In television, new shows aren’t simply pitched on a pilot alone, but also with ideas for future storylines.  The investing network needs to be confident that should they pick up the show, the creators have enough creative ideas to carry it for at least its initial run.  The same should be done for these comics.  Don’t simply have a startup idea and think that the rest will come as you go.  Yes, that likely will indeed happen, but at least have an idea of the direction you plan to go in and let the new ideas fill in the gaps – or even change the direction if it naturally happens.

3) Have a goal
Let’s go back to Sam and Tracy.  At the end of this story, there really can only be two outcomes.  Sam goes back to normal, or accepts his new reality.  At least at first, one of those two goals should be at the end of the tunnel.  True, a story might expand or develop to where it goes past that point.  Web comics are like any other – they can go virtually forever if there’s someone to make them.  But more realistically, there will eventually be some kind of end to it, and its best to drop readers the occasional hint that you are heading in that direction.

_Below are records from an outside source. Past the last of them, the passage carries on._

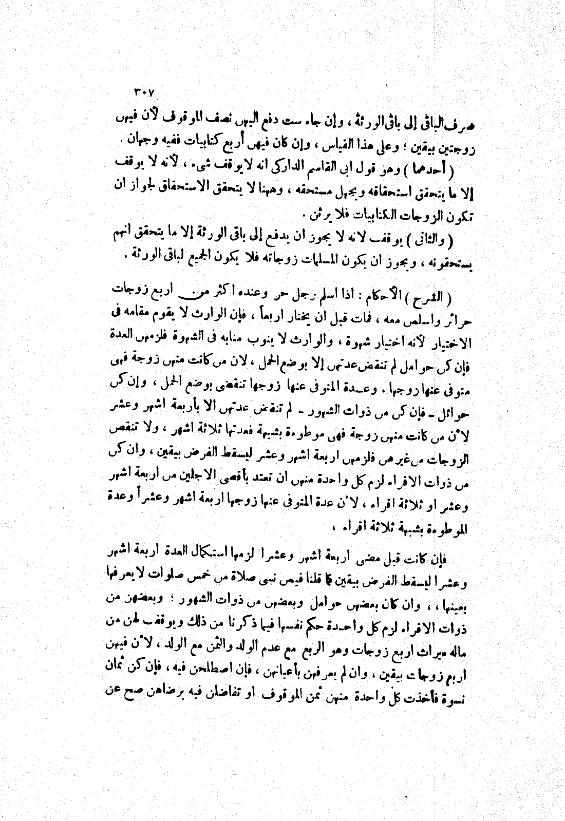 فإن كانت قبل مضى اربعة اشهر وعشرا لزمها استكمال العدة اربعة اشهر وعشرا ليسقط الفرض بيقين كما قلنا فيمن نسى صلاة من خمس صلوات لا يعرفها بعينها،، وان كان بعضهن حوامل وبعضهن من ذوات الشهور، وبعضهن من ذوات الاقراء لزم كل واحدة حكم نفسها فيما ذكرنا من ذلك ويوقف لهن من ماله ميراث اربع زوجات وهو الربع مع عدم الولد والثمن مع الولد، لان فيهن أربع زوجات بيقين، وان لم يعرفهن بأعيانهن، فإن اصطلحن فيه، فإن كن ثمان نسوة فأخذت كل واحدة منهن ثمن الموقوف أو تفاضلن فيه برضاهن صح عن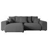Das moderne Polstersofa mit Schlaffunktion ist ein universelles Möbelstück. Das links oder rechts angeordnete Schlafsofa in L-Form bietet einen hohen Sitz-, Liege- und Schlafkomfort in jeder Situation. Dank ihrer gemütlichen Optik mit Sofakissen ist die Couch dazu hervorragend geeignet, um mit Familie oder Freunden Zeit zu verbringen Die rückenechte Polstercouch überzeugt durch ihre elegante Optik und rundet das Gesamtbild gekonnt ab. Die robuste Auszugsmechanik ist sehr einfach zu bedienen und verwandelt die Wohnzimmercouch im Handumdrehen in ein bequemes Gästebett. Das stabile Untergestell aus Möbelplatte und Holz garantiert die notwendige Standfestigkeit des Möbelstücks. Für mehr Ordnung ist die gemütliche Couch mit einem praktischen Bettkasten zur Aufbewahrung von Bettwäsche oder Decken ausgestattet. Komfort, der bleibt – Hochwertiger SchaumstoffIm Sitzbereich wird hochwertiger Polyurethanschaum verwendet – ein Material mit erhöhter Festigkeit und hoher Widerstandsfähigkeit gegen Verformung. Eine ideale Lösung für alle, die Wert auf Langlebigkeit und festen Sitzkomfort legen. Bitte beachte: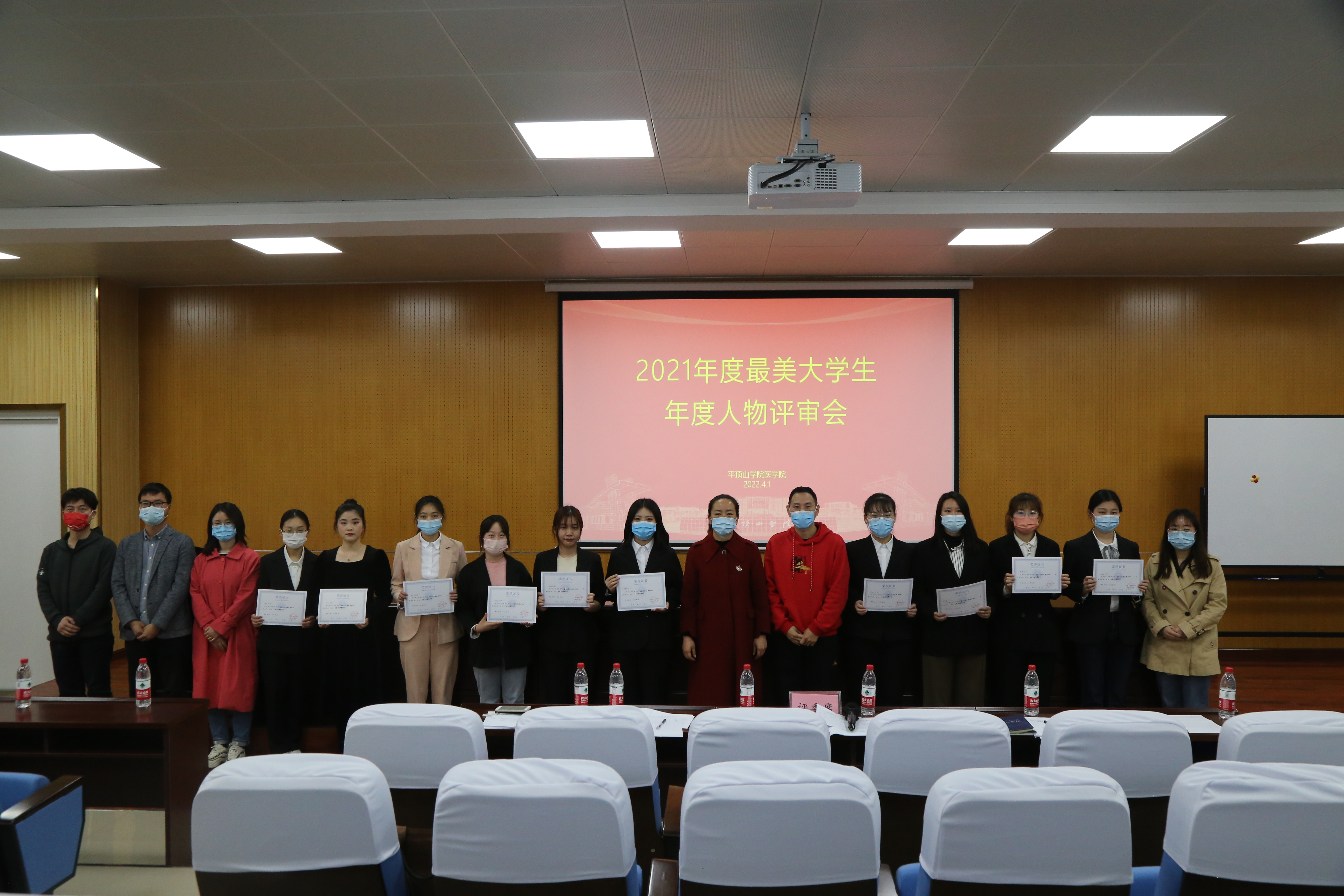 演讲评审中,参赛选手利用PPT,分享了自己的事迹故事,展示了同学们在勤奋学习、自强不息、假期抗疫、征兵入伍期间的优秀经历和优良风貌。活动最后党委副书记冯建对本次活动进行了点评总结,她肯定了同学们的成绩,并勉励大家继续把小我融入大我,用自己的经历影响带动身边更多的医学学子一起奋斗。最终,陈梦瑶、王晓曼、靳雅鑫、于晶晶、张怡敏、狄小文、周浩月、陈柯、杨子越、郭娜十名同学荣获最美老员工称号。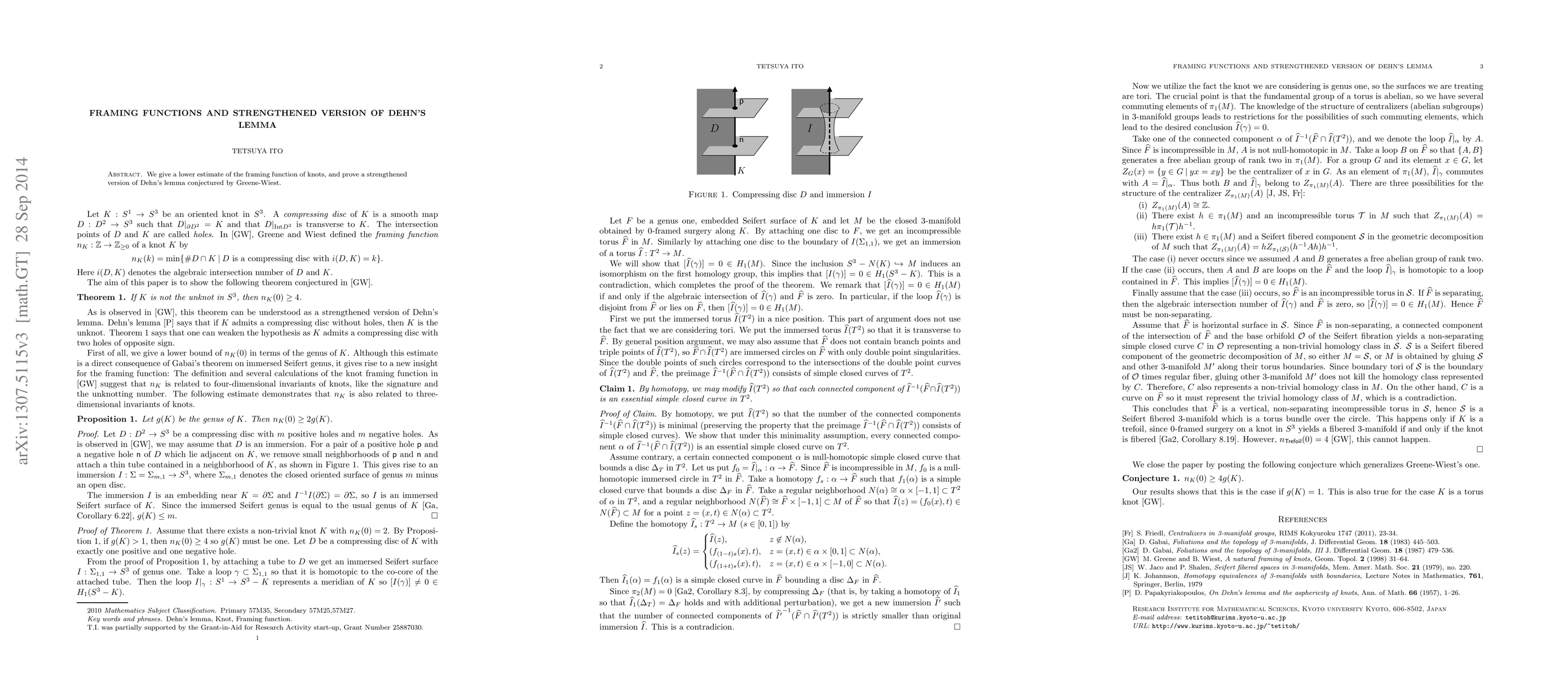 We give a lower estimate of the framing function of knots, and prove a strengthened version of Dehn's lemma conjectured by Greene-Wiest.

That’s not to say purposely limit yourself by speeding in one lone direction.  Think of a bigger comic franchise like the Avengers.  The Avengers are a team of heroes that are fighting the world’s evil.  The end point for this story is the day in which all evil is defeated and the world is at peace.  Will that ever happen?  Of course not.  But with every villain defeated, the story tells readers that that end is a little bit closer to being reached.  I’ve read a number of web comics that set up their storyline and then never touch upon it again.  Instead the characters do round about things over and over while the theme occasionally gets brought up, but never acted upon.

These are just three things – but following them will add a lot more depth to your comic than 4/5 of what I’ve seen in my travels.

One comment

  1. Don’t forget characterization. You may have the greatest story progression in the history of stories, with great mysteries and plot twists, but if no one cares about the characters going through this, then they’re not going to continue reading. It’s why a show like Lost succeeds while shows like The Event and FlashForward fail.